- Born: Alexander Gordon Huie 16 October 1869 Tayco, Riverina, New South Wales, Australia
- Died: 7 November 1964 (aged 95) Lake Cargelligo, New South Wales, Australia
- Occupations: Journalist, single tax campaigner
- Organization: Single Tax League
- Other political affiliations: Liberal Reform (1904-1907) Independent (1925)
- Spouse(s): Annie Bertha Lark, née Bartlett ​ ​(m. 1921; died 1948)​

= Alexander Huie =

Alexander Gordon Huie (16 October 1869 - 7 November 1964) was an Australian journalist and single tax campaigner.

Huie was born at Tayco in the Riverina to Scottish farmer Alexander Huie and Mary Eliza, née Carige, who had been born in British Grenada. His family all supported the temperance movement. Huie moved to Lake Cargelligo in 1883 to work as a carpenter, and read Henry George's Progress and Poverty in 1889. He became a correspondent for the Hillston Spectator and was appointed secretary of the local progress committee. He contested the seat of Lachlan in 1894 and would go on to unsuccessfully contest eleven more elections at all levels of government. In 1901 he became founding honorary secretary of the Sydney Single Tax League, although he supported Joseph Carruthers' Liberal and Reform Association at the 1904 and 1907 state elections.
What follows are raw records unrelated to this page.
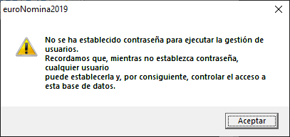 Si la base de datos actual no dispone de contraseña maestra para la administración de esta gestión de usuarios, el programa mostrará un mensaje advirtiendo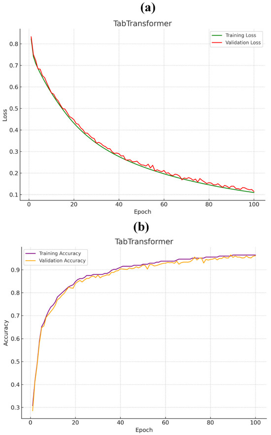 Loss (a) and accuracy plots (b) over training epochs (learning progression) in the TabTransformer model.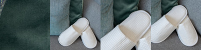 Waffle-fabric slippers. Waffle fabric mule slippers. Closed toe. Matches TC086 Waffle Robe. Size UK 4-7, 8-11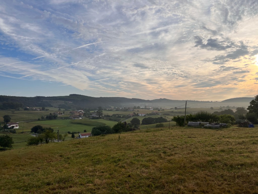 I had to walk for 13km before I would reach the coast and another 15km to the town of Finistère. As I got closer to the ocean the sky started to clear, the sun came out. Those last 15km were some of the hardest I’ve done. The terrain was easy but I was tired and I felt every step. I was slow.

Huie founded the single tax journal the Standard in December 1905, remaining editor and secretary of the Single Tax League until December 1953. He had about 220 letters published in the Sydney Morning Herald between 1916 and 1962, and was a strong supporter of proportional representation. He married Annie Bertha Lark, née Bartlett, a Maltese-born widow, on 1 October 1921 in a Methodist ceremony at Ashfield, where they settled; Annie would predecease him in 1948. He regularly spoke in the Sydney Domain. Huie died in 1964 visiting Lake Cargelligo, where he is buried with Presbyterian forms.